There’s a storm starting up outside my window, and there has been a storm brewing in my heart for a while now. I feel that everything I have carried out in the past will soon come home to either haunt me right up till my death or fly like a vulture over my body, just waiting till I stop breathing. I woke up from a dream just now, where I was wandering in a foreign city, and I’m not sure if it was Paris or Tokyo, but it’s a location that I often visit in my dreams. Bookstores are very much part of my dream world. I have at least three bookshops that I see in my dreams. I’m sure that they are based on actual stores, but to this day, I can’t figure out which store or in what location. The bookstore last night was a second-hand store that always sold exciting titles and mostly was Penguin editions from the 1940s. The store was located on a side street off the giant arcade. I remember there were Americans on the road, but tourists of some sort and manner. I couldn’t find the store, and when I woke up, I felt a great depression upon me. I think through my dreams, I’m trying to see heaven, but alas, it is so close to me that I can almost feel it - but then I awake, and I’m left with a storm outside, representing how I feel inside my heart and soul.

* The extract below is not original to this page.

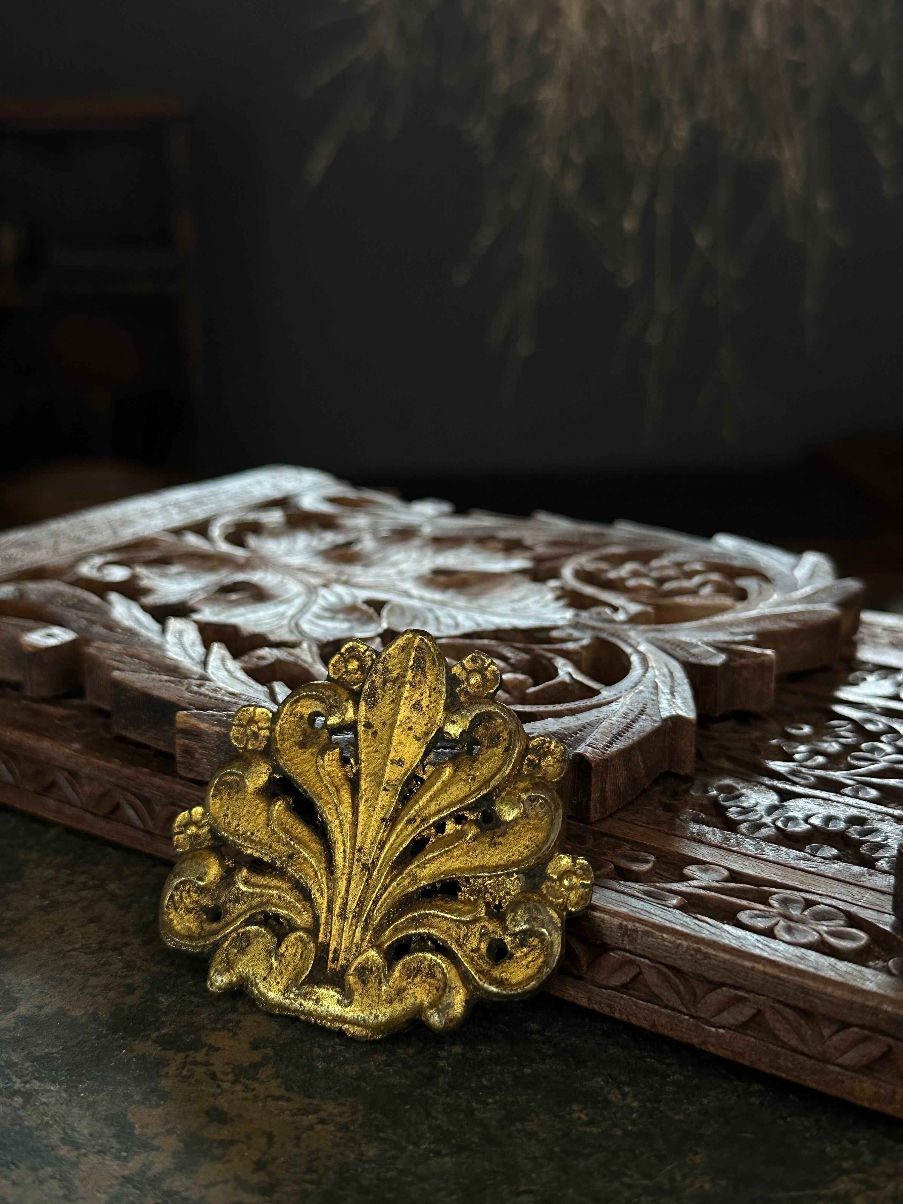 植物模様がが扇状に施された真鍮の古い装飾プレートです。

I’m not a great traveler, but I do travel time-to-time, and it’s always for the pleasure of looking for satisfaction in some area of the world that will spark my imagination. I often dream of going to the cinema, and it is always a theater located in a very urban part of the city - meaning not in the suburbs. I know it’s a film by Jean-Luc Godard, with a soundtrack by Nino Rota, but as far as I know, the soundtrack or the Godard film does not exist in the awakening life. But my dream of the film is in great detail, and it is an actual movie, including credits, stars, and so forth. And even though the soundtrack was by Rota, I made up the music and orchestration in my dream. This is unbelievable to me because I’m utterly tone-deaf and couldn’t carry a melody if your life depended on it. Nevertheless, I have the entire orchestration and the narrative of this film in great detail in my dream life.
“Tell me, can one at all denote thinking and feeling as things entirely separable? I cannot imagine a sublime intellect without the ardor of emotion.” In my awakened life, I try to separate my feelings from my daily actions. A sense of detachment is essential for a writer, so in theory, that artist can see his work placed in a bigger context. Yet, in my dreams, I’m consistently emotional, and when I do see a film in that state or landscape, it fits perfectly with how I’m feeling at that moment. When I’m conscious and writing in a library or my studio, I think not connected to the written page in front of me. “My aesthetic is that of the sniper on the roof.” Yet, I lose focus once my morning starts, and I have to face the afternoon and then the dread of the evening. Only in dreams do I seem to exist in my most total capacity as a writer and human being.
“Art attracts us only by what it reveals of our most secret self.” Therefore I feel dead, yet only alive in my deepest dream. On the other hand, “knowing this to be a worthless life to live, why do I keep living on? Because life contains something called beauty.” And for me, the beauty in my life is in a dream.